What troubleshooting steps have you already taken? Can you link to any docs or other resources so we know where you have been?

We’ve turned on debug to watch the details of the runner.
We’ve watched the build progress, added echo debug out put to the .gitlab-ci.yml file

ScottFred · August 26, 2021, 8:50pm

So, it seems as if turning off caching in each of the GitLab Runner config.toml files helped resolve the intermittent failures. But I’m not sure why. Can someone suggest why changing this to “true” seems to work? Is there something else that I could do that would be more appropriate?

[[runners]]
   [runners.docker]
...
    disable_cache = true

Thanks

ricardoamarilla · August 26, 2021, 8:58pm

Hi ScottFred,

I am not sure what is the exact the error you are experimenting in your failed job.

In my opinion, the best way to resolve or troubleshoot is follow the documentation, there is usually a Troubleshooting section, for the cache is Caching in GitLab CI/CD | GitLab

Based on the documentation, to Share caches between jobs in the same branch you need to use the key:

key: $CI_COMMIT_REF_SLUG

And you are using key: "$CI_COMMIT_REF_NAME" in your gitlab-ci.yml, not sure if this will help, I hope so.

ScottFred · August 26, 2021, 9:24pm

Thanks @ricardoamarilla … for the link to the Cache Troubleshooting. I saw it and read it, but it wasn’t clear what sections were applicable to my issue. Looking at it again.

Thanks for noticing that the key: we are using is different than the one that is recommended… $CI_COMMIT_REF_NAME.

Since, turning off docker caching, things appear to be working. But, we may be able to cut down on network bandwidth if I am able to take advantage of the Docker caching. So, I’ll turn it back on and try your suggestion to see if that works. Thanks again.

Scott

ScottFred · August 26, 2021, 9:34pm

BTW @ricardoamarilla, I discovered that $CI_COMMIT_REF_SLUG is the same as $CI_COMMIT_REF_NAME except: CI_COMMIT_REF_NAME in lowercase, shortened to 63 bytes, and with everything except 0-9 and a-z replaced with - . No leading / trailing - . Use in URLs, host names and domain names.

So, it doesn’t give me a lot of confidence that this will make a difference, but I’ll give it a try. Later tonight.

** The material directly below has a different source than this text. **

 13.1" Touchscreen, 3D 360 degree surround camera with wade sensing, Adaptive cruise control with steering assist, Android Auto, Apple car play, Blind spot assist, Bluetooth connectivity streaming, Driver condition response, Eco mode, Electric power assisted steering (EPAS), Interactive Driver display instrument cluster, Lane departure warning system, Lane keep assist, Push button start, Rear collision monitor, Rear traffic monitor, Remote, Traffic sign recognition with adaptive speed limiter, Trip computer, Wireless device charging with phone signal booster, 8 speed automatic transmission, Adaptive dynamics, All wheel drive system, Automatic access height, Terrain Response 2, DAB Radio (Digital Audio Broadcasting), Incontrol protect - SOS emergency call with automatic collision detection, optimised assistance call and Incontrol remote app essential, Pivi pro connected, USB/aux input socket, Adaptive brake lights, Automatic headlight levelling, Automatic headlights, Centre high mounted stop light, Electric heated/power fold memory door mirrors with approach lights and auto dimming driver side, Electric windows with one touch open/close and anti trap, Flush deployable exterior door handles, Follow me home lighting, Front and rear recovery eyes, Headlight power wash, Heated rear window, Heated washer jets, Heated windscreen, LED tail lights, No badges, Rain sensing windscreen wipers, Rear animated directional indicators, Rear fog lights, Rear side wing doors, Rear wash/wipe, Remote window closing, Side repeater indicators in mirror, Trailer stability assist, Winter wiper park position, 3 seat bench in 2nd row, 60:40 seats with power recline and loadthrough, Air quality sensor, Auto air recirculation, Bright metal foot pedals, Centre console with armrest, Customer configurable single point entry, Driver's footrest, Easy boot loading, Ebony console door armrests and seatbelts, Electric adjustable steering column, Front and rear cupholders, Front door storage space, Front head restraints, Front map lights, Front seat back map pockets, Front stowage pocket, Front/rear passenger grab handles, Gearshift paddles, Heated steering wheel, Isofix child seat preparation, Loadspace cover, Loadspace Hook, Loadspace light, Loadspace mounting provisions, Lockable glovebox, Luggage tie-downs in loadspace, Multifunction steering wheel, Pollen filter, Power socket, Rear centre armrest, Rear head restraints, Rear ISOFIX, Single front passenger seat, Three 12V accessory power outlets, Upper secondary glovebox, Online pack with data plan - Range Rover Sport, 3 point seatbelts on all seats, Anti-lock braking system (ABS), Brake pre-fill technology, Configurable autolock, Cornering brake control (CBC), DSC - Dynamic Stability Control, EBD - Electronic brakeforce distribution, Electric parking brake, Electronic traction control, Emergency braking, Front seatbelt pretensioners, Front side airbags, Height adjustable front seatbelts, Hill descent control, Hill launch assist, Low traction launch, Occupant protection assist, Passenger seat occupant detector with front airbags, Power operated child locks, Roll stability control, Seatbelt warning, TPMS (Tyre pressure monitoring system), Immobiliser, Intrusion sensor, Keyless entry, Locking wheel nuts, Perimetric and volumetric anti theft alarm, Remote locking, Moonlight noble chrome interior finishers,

ricardoamarilla · August 26, 2021, 11:28pm

Yes it is, worth try it. There are some character restrictions in the cache:key

You can also set the CI_DEBUG_TRACE variable as true, re-run ta failing pipeline and you will get more details.

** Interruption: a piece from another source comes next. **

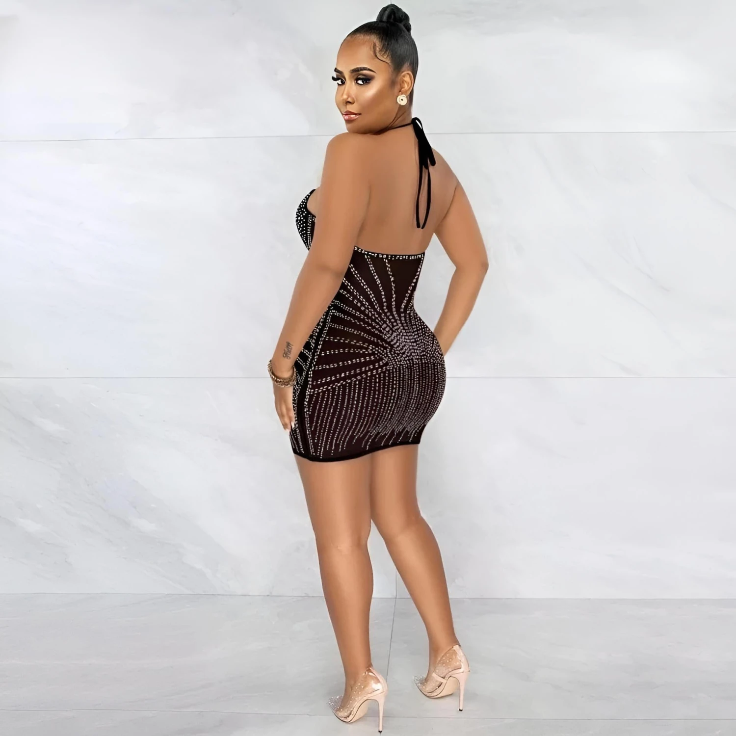 Per affrontare gli eventi in cui il dress-cood è essere ineguagliabile ed unica, ti proponiamo questo stupendo vestito a tubino con strass. Indossato aderisce in modo incisivo sulle curve, regalando aglio occhi di chi la guarda un certo sex-appeal. Le sue peculiarità sono: lo scollo a cuore, la bretella che si incrocia al collo, gli strass e l’aderenza. Possono essere affiancati accessori come: pochette, sandali e decolleté. >E’ adatto per: feste, cocktail party, cerimonie, serate in disco. Il tessuto è al 95% poliestere e al 5% elastico. Si consiglia lavaggio a mano e in acqua fredda.
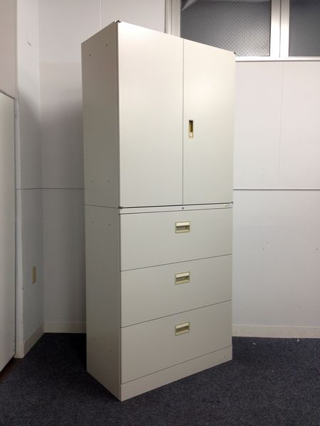 【まとめて揃います!】使い勝手の良い3枚引き違い書庫と3段ラテラルのセット!オカムラ/42シリーズ/ニューグレー/シリンダー錠【TH】【倉庫在庫品】

What errors do you have in the failing jobs?

ScottFred · August 27, 2021, 6:23pm

@ricardoamarilla Here’s an example of a “static analysis” job that fails. The previous build job ran successfully which did a pip install for this job to use. I’m sure there’s a subtlety that I’m missing, but the intent is for the static analysis job to use the results of the “build” which is for python packaging which includes a “pip install -r requirements.txt” that installs flake8. But, we see the pip list command in this job clearly shows that the python packages that we installed previously are not available in this “static analysis” job.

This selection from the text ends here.